Migration from Heroku to AWS ECS

victor piscue

Published in

21 Buttons Engineering

13 min readNov 26, 2018

Considerations

A few months ago we started to look for alternatives concerning where to store our backend infrastructure.

On Heroku we were running Python apps, using Procfile with web and other workers. As our user base grows, the infrastructure running on Heroku became constrained: Limits of Dynos per app, poor visibility inside New Relic, lack of debugging options when you deploy containers, public communications within the stores.

We wanted to use containers in production (not only for CI tests), in a more secure way in terms of exposure and communication with the rest of our platform and services. As we run most of them inside AWS, We considered two options: AWS EKS and AWS ECS.
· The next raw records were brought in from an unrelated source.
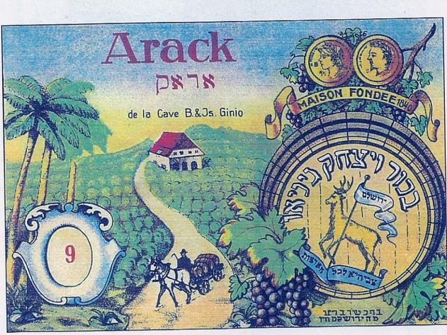 תווית בקבוק ערק, באדיבות מוזאון חצר היישוב הישן.
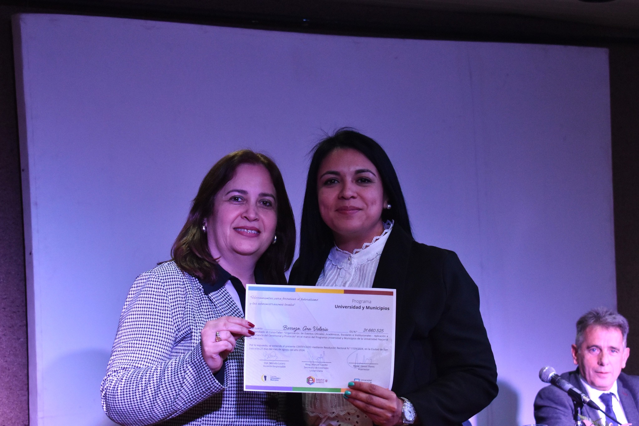 La entrega de certificados estuvo encabezada por el Vicerrector de la UNSL, Héctor Flores, quien destacó la importancia del curso como un reflejo del compromiso de la universidad con los Municipios, ya que la capacitación en esta temática fue demandada por muchos de ellos. Acompañaron al Vicerrector el Secretario de Extensión Universitaria, Manuel Castillo, y la Directora de Relaciones Públicas, Ceremonial y Protocolo (y coordinadora académica del curso), Marcela Lucero, quienes también ofrecieron palabras de reconocimiento a los egresados.
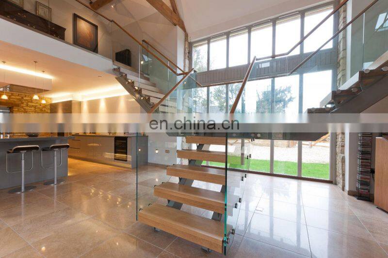 - New Design Modern Floating Staircase Design Glass Railing Metal Beam Mono Stringer Staircase
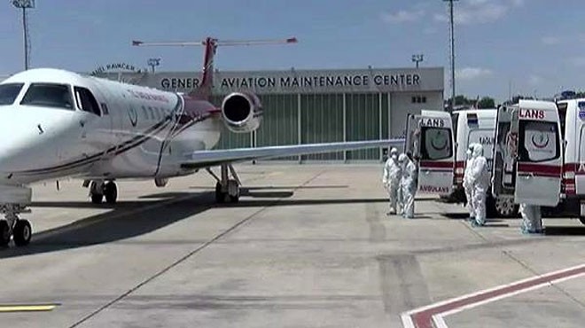 Koronavirüs hastalarını getiren ambulans uçak Atatürk Havalimanı'na indi
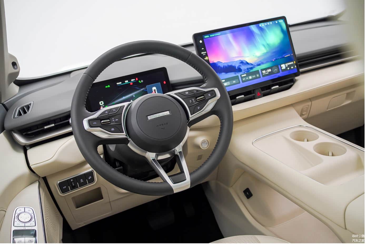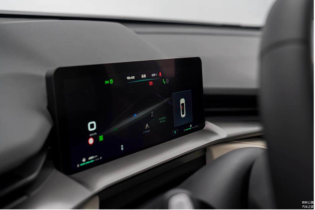 实拍车为纯净米色内饰,整体给人新中式极简风的感觉,前方中控台采用10.25寸数字仪表+14.6寸中控仪表屏的组合,科技感十足。
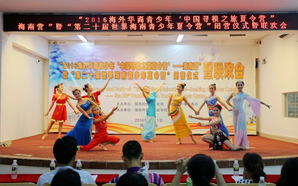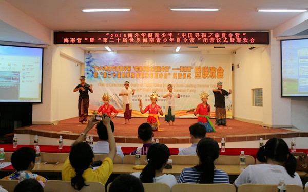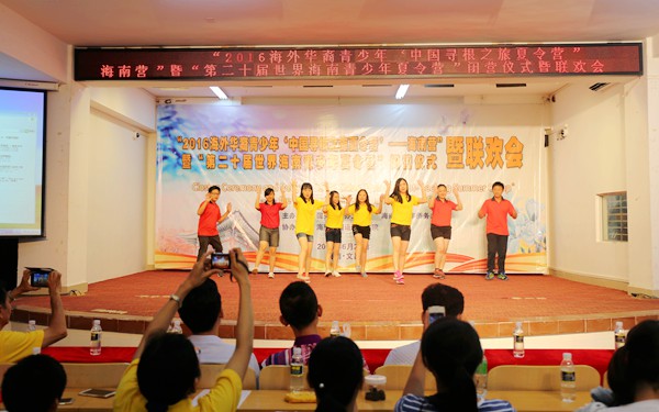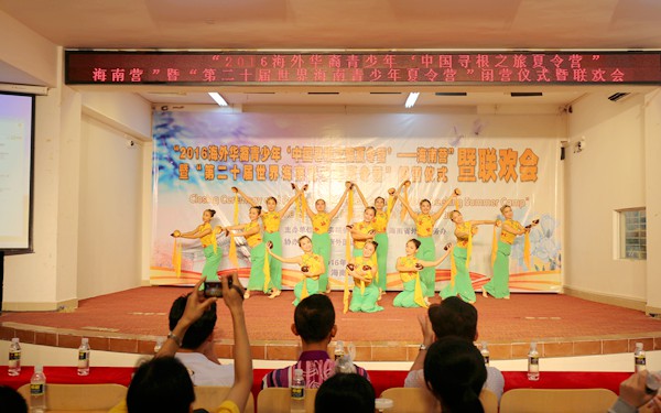 闭营仪式结束后,营员们为我们带来了精彩的汇报演出暨联欢会,他们用自己精彩的表演为此次夏令营画上了完美的句号。联欢会在一场《椰壳迎宾》的舞蹈中欢乐地拉开帷幕,椰壳欢乐的响声,优美的舞姿赢得了大家阵阵掌声。泰国华裔青少年们为我们跳起了泰国的传统舞蹈,印尼华裔青少年们跳起了流行的印尼街舞,舞蹈让大家沉醉于欢乐声中;一曲《望乡词》唱出了乡思之痛,揪住了在场所有人的心;一场动人的海南黎族风情舞蹈《文昌欢歌》让大家感受了少数民族的风情;此外,联欢会还穿插了“丢手绢”和“老鹰抓小鸡”等游戏,让现场气氛不断高涨。最后联欢会在全体的合唱《爱我中华》中结束。在一片离别声中,营员们相互道别、合影留念,共同纪念这美好而又难忘的短暂时光。
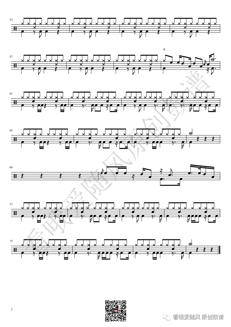 ONEOKROCK《IWasKing》架子鼓谱,看哦爱随风编配出品,共有2张高清图谱,由打鼓谱上传并分享。
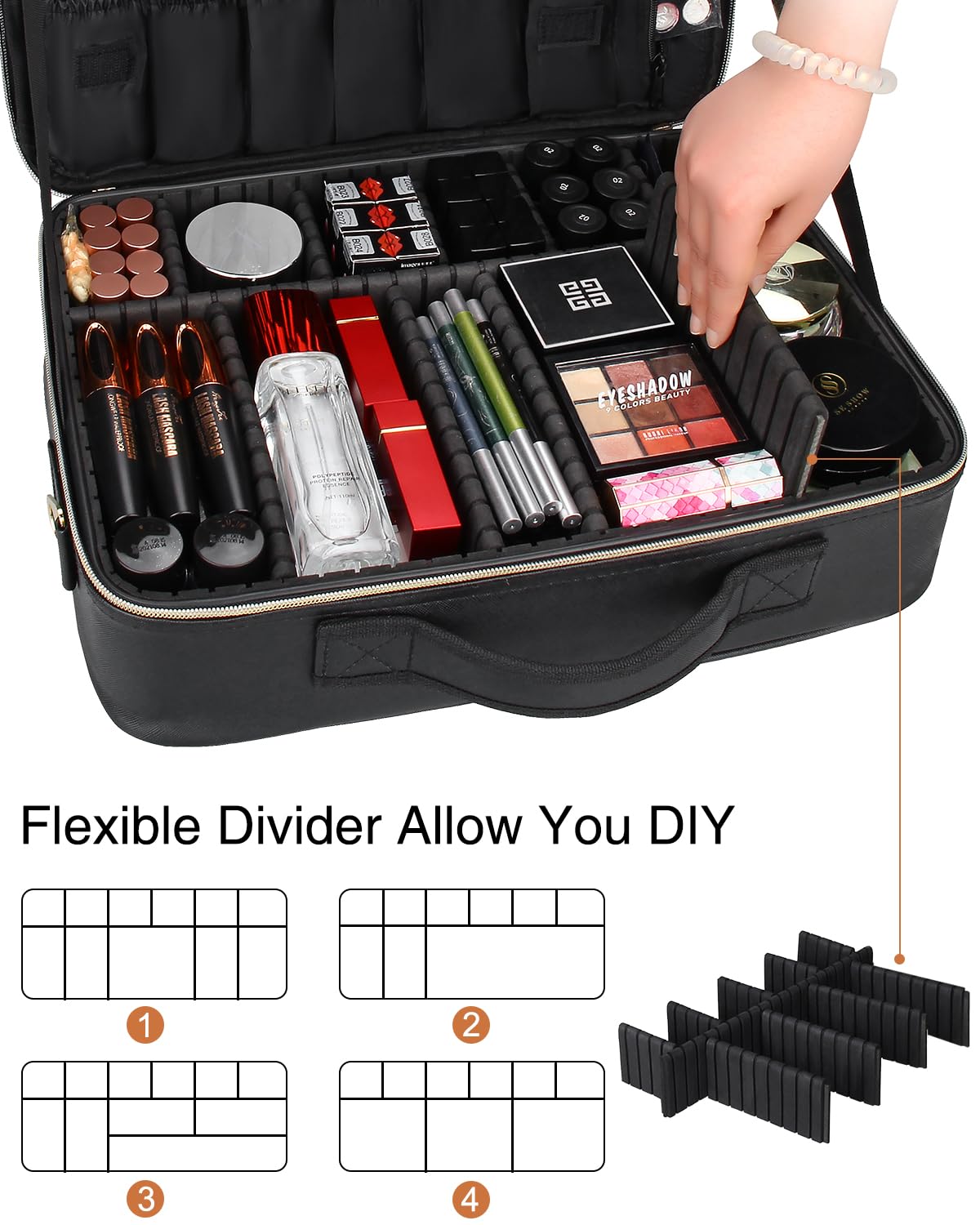 - DIY SPACE:The professional makeup bag has adjustable dividers, the bottom space is designed by you according to the shape of the item,it can keep all items neatly and sturdy.
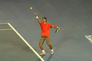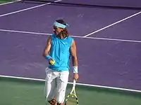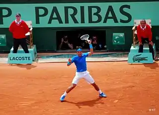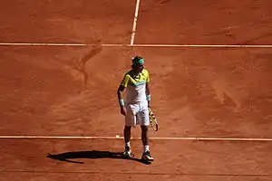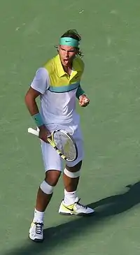 رافاييل "رافا" نادال باريرا (بالكاتالونية: [rəfəˈɛɫ nəˈðaɫ pəˈɾeɾə]، بالإسبانية: [rafaˈel naˈðal paˈɾeɾa]، ولد في 3 يونيو 1986 بمدينة ماناكور في إسبانيا) هو لاعب كرة مضرب إسباني. وأحد اللاعبين الذين تربعوا على عرش التصنيف العالمي للعبة. يرى بعض المحللين والنقاد بأن نادال سوف يصبح أعظم لاعب كرة مضرب على مر العصور.[22][23][24][25][26][27][28][29][30][31] بفضل نجاحاته على الملاعب الترابية بشكل خاص، استحق نادال لقب "ملك الملاعب الترابية" كونه يعتبر لاعباً دفاعياً من الطراز الأول، وذلك بفضل لياقته العالية وروحه القتالية.[32][33][34][35][36][37] يملك نادال رقم قياسي بعدد الانتصارات المتتالية بمباريات أجريت على الملاعب الترابية أو أي أرضية أخرى ما زال قائما وهو 81 انتصار متتالي، وانتهى بخسارة نادال أمام اللاعب السويسري روجر فيدرير في نهائي بطولة هامبورغ عام 2007.[38] ولهذا يعتبره العديد من الصحفيين الرياضيين والمعلقين فضلاً عن لاعبين سابقين وحاليين، أعظم لاعب على الملاعب الرملية في التاريخ.[39][40][41][42][43]
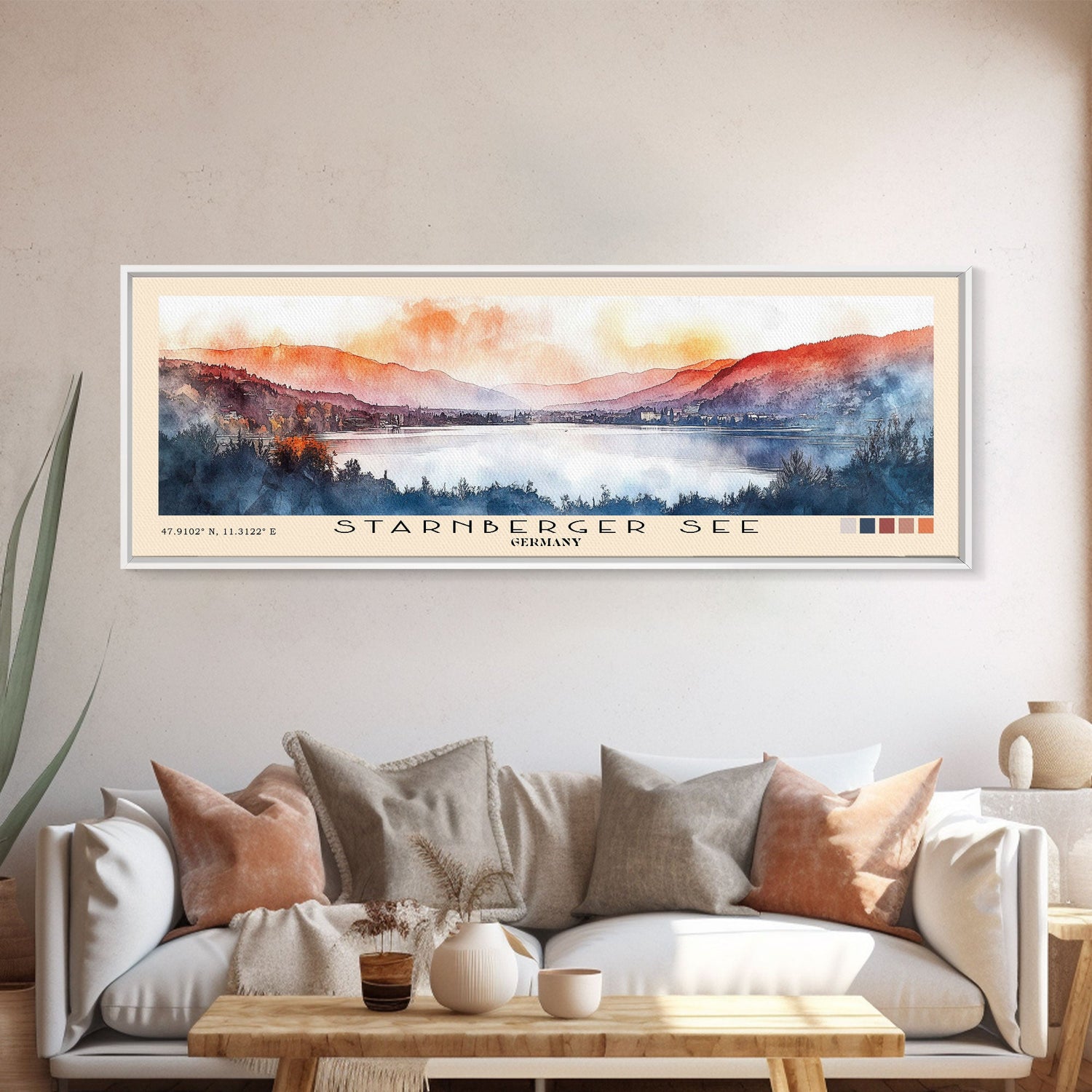 Starnberger See, Germany Watercolor Print, Vacation Gift, Germany Wall Art, Beach Painting, Beach Decor, Large Wall Art, Wood Frame Art - 10x30 Inches / No Frame - Stretched Canvas Only is backordered and will ship as soon as it is back in stock.
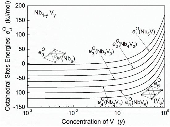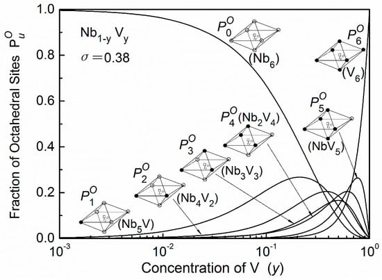 where PA or PB is the probability of the lattice atom A or B, PAA(B) is the probability of finding an A (or B) atom as nearest neighbor of another A atom, is the probability of the tetrahedral site [5]. The calculation results of seven octahedral interstices in Nb1−yVy system are shown in Figure 3. Here the local order parameter (σ) was chosen as 0.38 since this value was determined at a range of 0.33–0.44 by the enthalpy of solution data [19].

We did a quick trial with AWS EKS, that is the Oficial Kubernetes approach developed by AWS. It has some nice features such as provisioning the Cluster Master by Amazon, but it lacks (at the moment to write this article) to provide the node management that needs to be self-managed and self-upgraded. A strong argument for EKS is the use of open source technology that is compatible with other providers and on-premise, although EKS use specific AWS annotations to run the service.

After considering AWS ECS: It seems a more mature option to run containers inside AWS, without using third party tools, it is a cost saver compared to Heroku and allows to run container in private environments, plus setting customs ways to scale out.

Comparision Between AWS ECS EC2 and FARGATE

Using ECS you can deploy services on EC2 or using FARGATE:

On ECS EC2:
Manage EC2 Instances
Be able to debug (docker exec) Self-managed, more maintenance Calculate EC2 allocation
Pay per EC2 Instances
Easy access to logs
With ECS Fargate:
“Serverless” and Blackbox
Managed by AWS
Just decide CPU and RAM
Pay per CPU and RAM per min
Logs on Cloudwatch

On our company we choose the newest model that is using FARGATE, it has the downside to not have Direct access to the host that runs the containers (accessing to the Docker Socket or Debug specific container), but it allows to forget about managing EC2 instances. We just run services that deploy container on hosts (presumably EC2) managed by AWS.

AWS ECS Basics

ECS is the short name of Elastic Container Service, basically is a Docker Orchestrator created by AWS.

The components follow this hierarchy :

Clusters => Services => Tasks => Tasks definitions

Clusters

The clusters are the logical group of Services and Tasks inside ECS. In 21 Buttons we set up a Cluster per environment, so the Services/Task runs on isolation (Cluster and VPCs) for each environment (development, staging, production).

Services

The services are endorsed to maintain and orchestrate the tasks/containers (restart those that were killed or stopped) and autoscale based on one metric.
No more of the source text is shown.